Deterministic Envelopes for Tamed SGLD: Decoupling Stochastic-Gradient Noise and Localizing Taming
For practitioners of Bayesian sampling and stochastic optimization, this work provides a principled method to reduce bias in tamed Langevin algorithms without sacrificing stability.
The paper addresses the stationary bias introduced by tamed stochastic-gradient Langevin dynamics when the denominator depends on the same stochastic gradient as the numerator. It proposes a deterministic-envelope framework that decouples the taming from the stochastic gradient, reducing bias while maintaining stability, and validates the approach with experiments showing bias reduction and stabilization.

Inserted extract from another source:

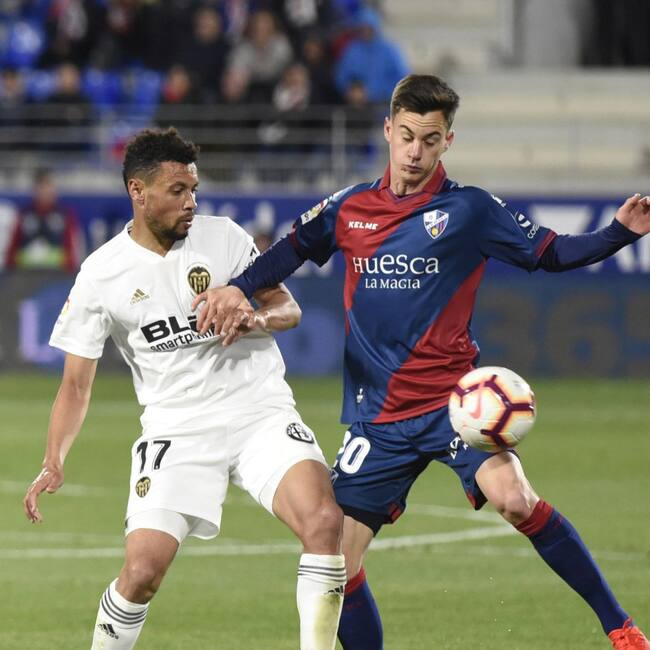 GRAF4417. HUESCA, El centrocampista venezolano de la SD Huesca Juampi Añor (d) lucha con el francés Francis Coquelin, del Valencia CF, durante el partido de la 36ª jornada de Liga en Primera División que SD Huesca y Valencia CF juegan esta noche en el campo de El Alcoraz, en Huesca. EFE, JAVIER BLASCO / JAVIER BLASCO (EFE)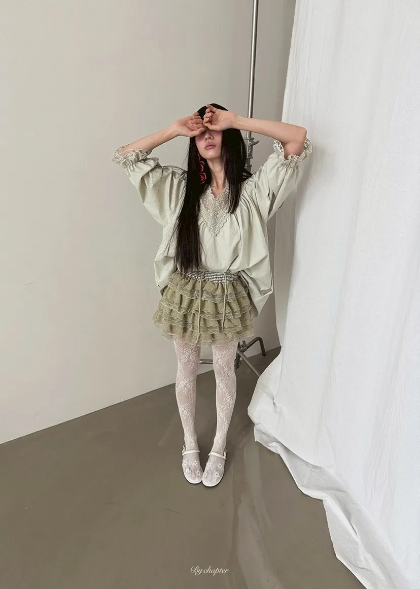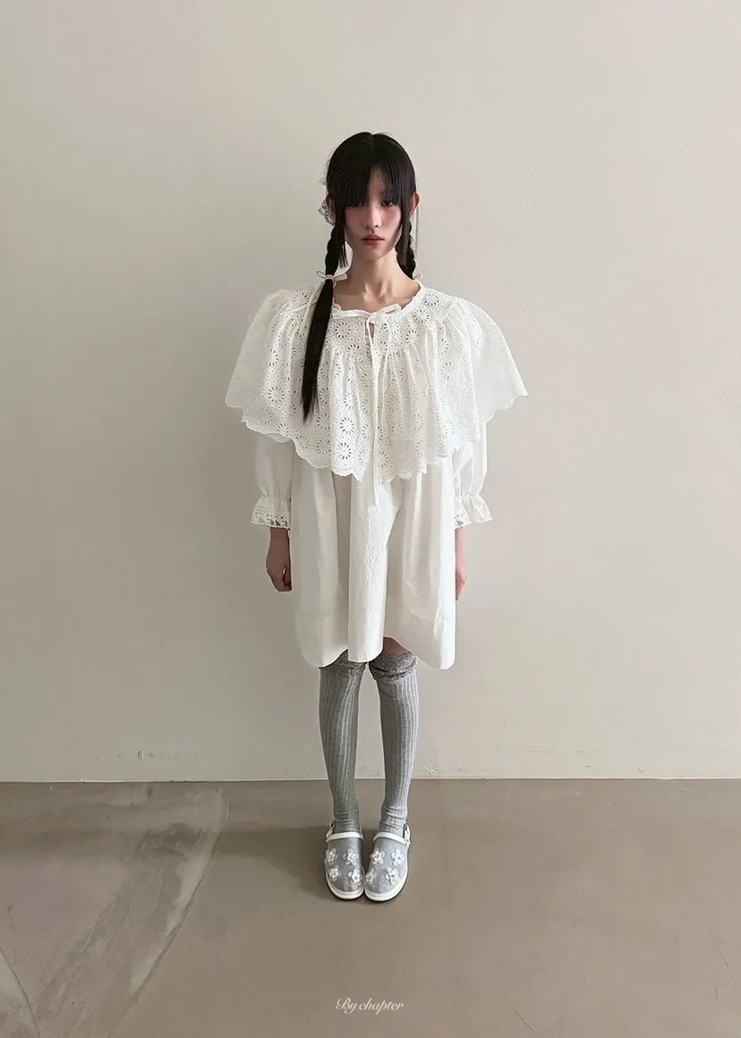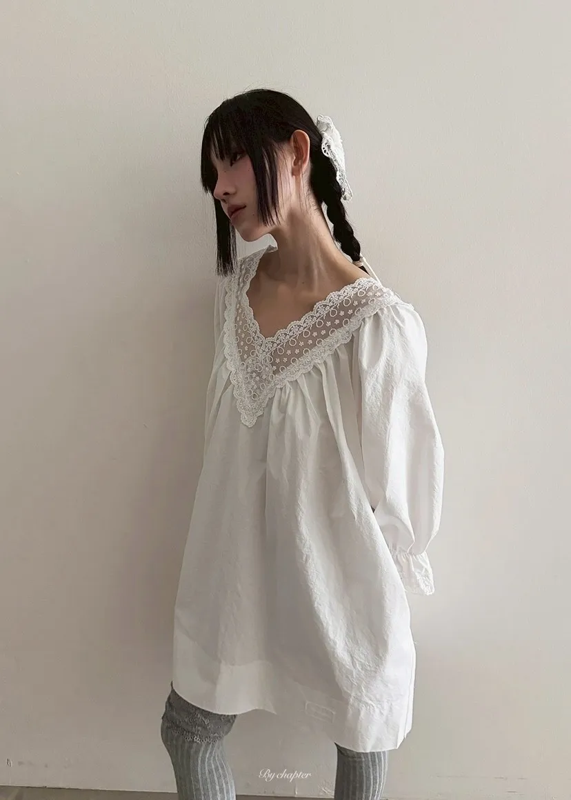 V領透膚蕾絲寬洋裝

Stochastic-gradient Langevin algorithms often use tamed denominators to stabilize non-globally Lipschitz drifts. This paper shows that when the denominator depends on the same stochastic-gradient realization as the numerator, the taming step changes the stochastic oracle itself and can create a stationary bias even if the original stochastic gradient is unbiased. We propose a structure-preserving framework for designing tamed denominators. It fixes the denominator before the oracle noise is sampled and uses localized deterministic envelopes to avoid unnecessary taming in typical regions. These kernels keep the stabilizing effect of taming while avoiding the bias introduced by a gradient-dependent denominator. Our theory explains how the stationary error splits into the bias caused by oracle-dependent taming and the remaining error introduced by deterministic stabilization. Within this deterministic-envelope family, the analysis identifies a far-tail condition that explains the limitation of local soft envelopes and motivates a hybrid member: soft in the typical region, but protected by hard-tail control on rare excursions. Experiments confirm the predicted stationary distortions of random denominators, the bias reduction of deterministic-envelope designs, and the stabilizing effect of the hybrid construction.